» **What is needed**
Apart from the images, repeat the data below exactly as written.
Data below: Begin
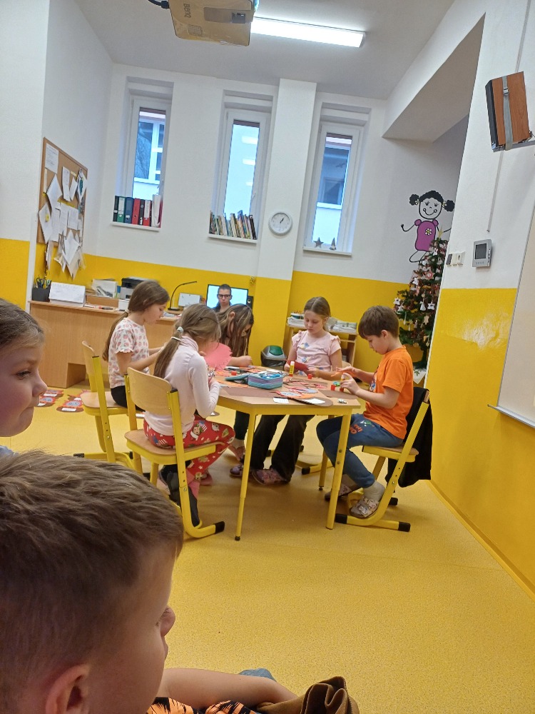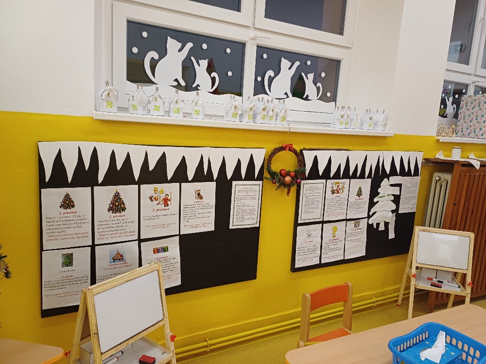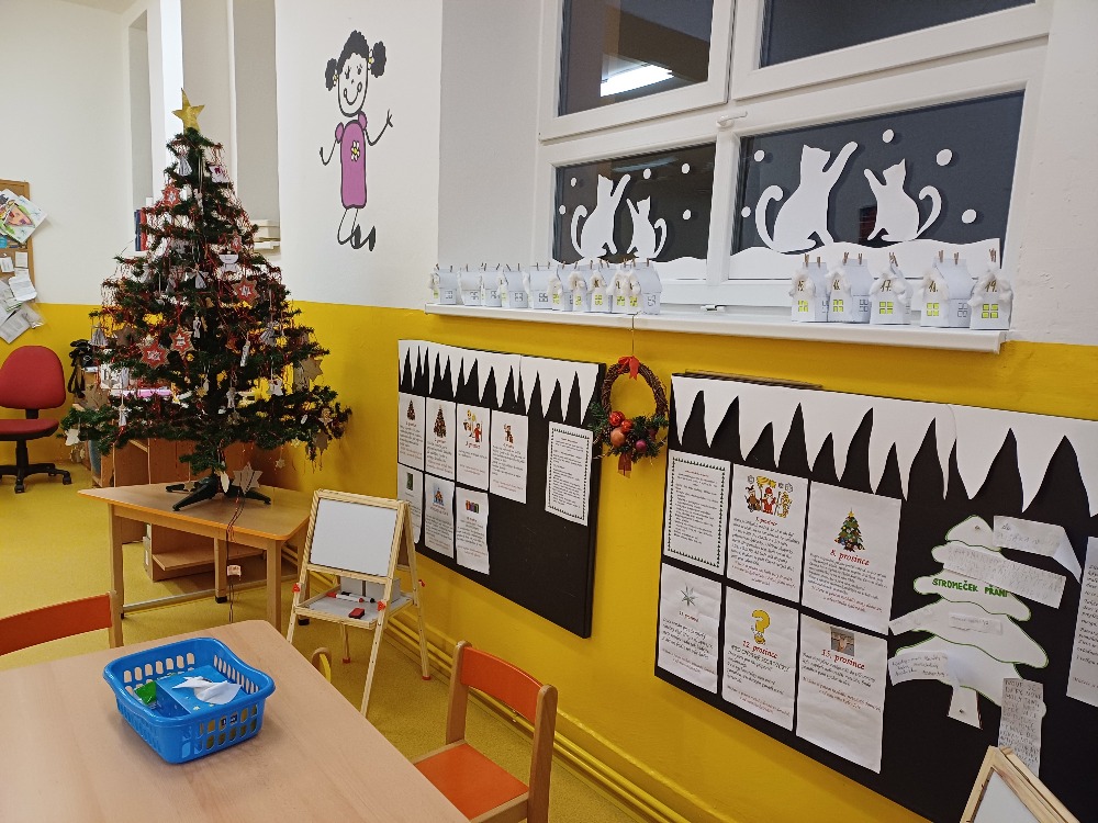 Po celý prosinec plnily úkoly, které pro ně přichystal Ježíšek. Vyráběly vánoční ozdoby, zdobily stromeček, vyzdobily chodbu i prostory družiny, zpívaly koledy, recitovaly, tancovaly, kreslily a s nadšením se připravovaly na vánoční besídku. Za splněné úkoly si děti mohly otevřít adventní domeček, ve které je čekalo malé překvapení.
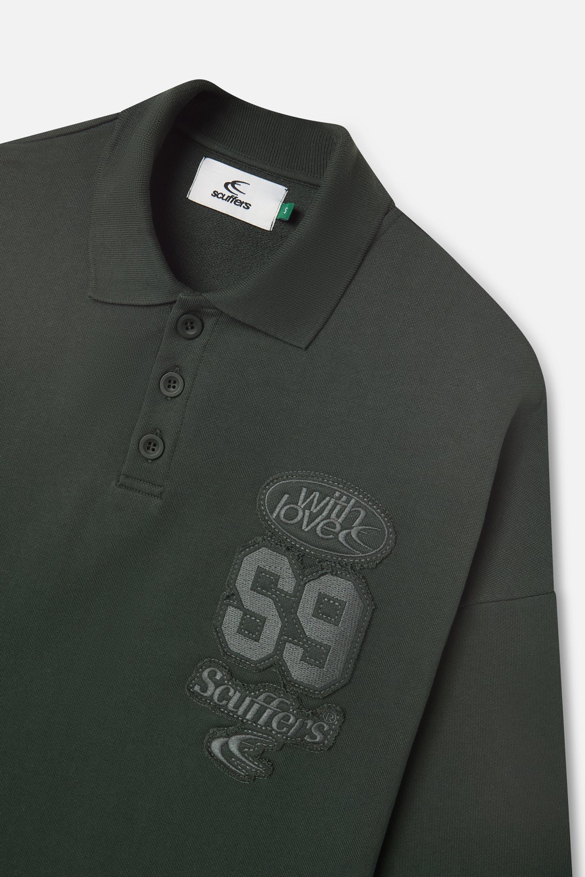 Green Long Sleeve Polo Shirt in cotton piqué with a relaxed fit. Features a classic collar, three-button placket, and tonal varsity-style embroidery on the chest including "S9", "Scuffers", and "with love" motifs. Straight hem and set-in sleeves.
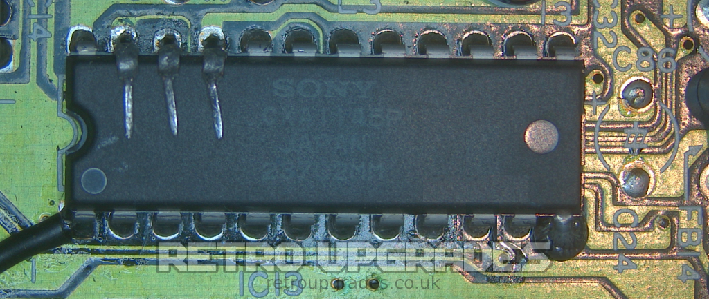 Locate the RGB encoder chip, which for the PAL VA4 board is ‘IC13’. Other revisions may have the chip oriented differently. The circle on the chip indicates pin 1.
Data below: End
» **Written response**
 Po celý prosinec plnily úkoly, které pro ně přichystal Ježíšek. Vyráběly vánoční ozdoby, zdobily stromeček, vyzdobily chodbu i prostory družiny, zpívaly koledy, recitovaly, tancovaly, kreslily a s nadšením se připravovaly na vánoční besídku. Za splněné úkoly si děti mohly otevřít adventní domeček, ve které je čekalo malé překvapení.
 Green Long Sleeve Polo Shirt in cotton piqué with a relaxed fit. Features a classic collar, three-button placket, and tonal varsity-style embroidery on the chest including "S9", "Scuffers", and "with love" motifs. Straight hem and set-in sleeves.
 Locate the RGB encoder chip, which for the PAL VA4 board is ‘IC13’. Other revisions may have the chip oriented differently. The circle on the chip indicates pin 1.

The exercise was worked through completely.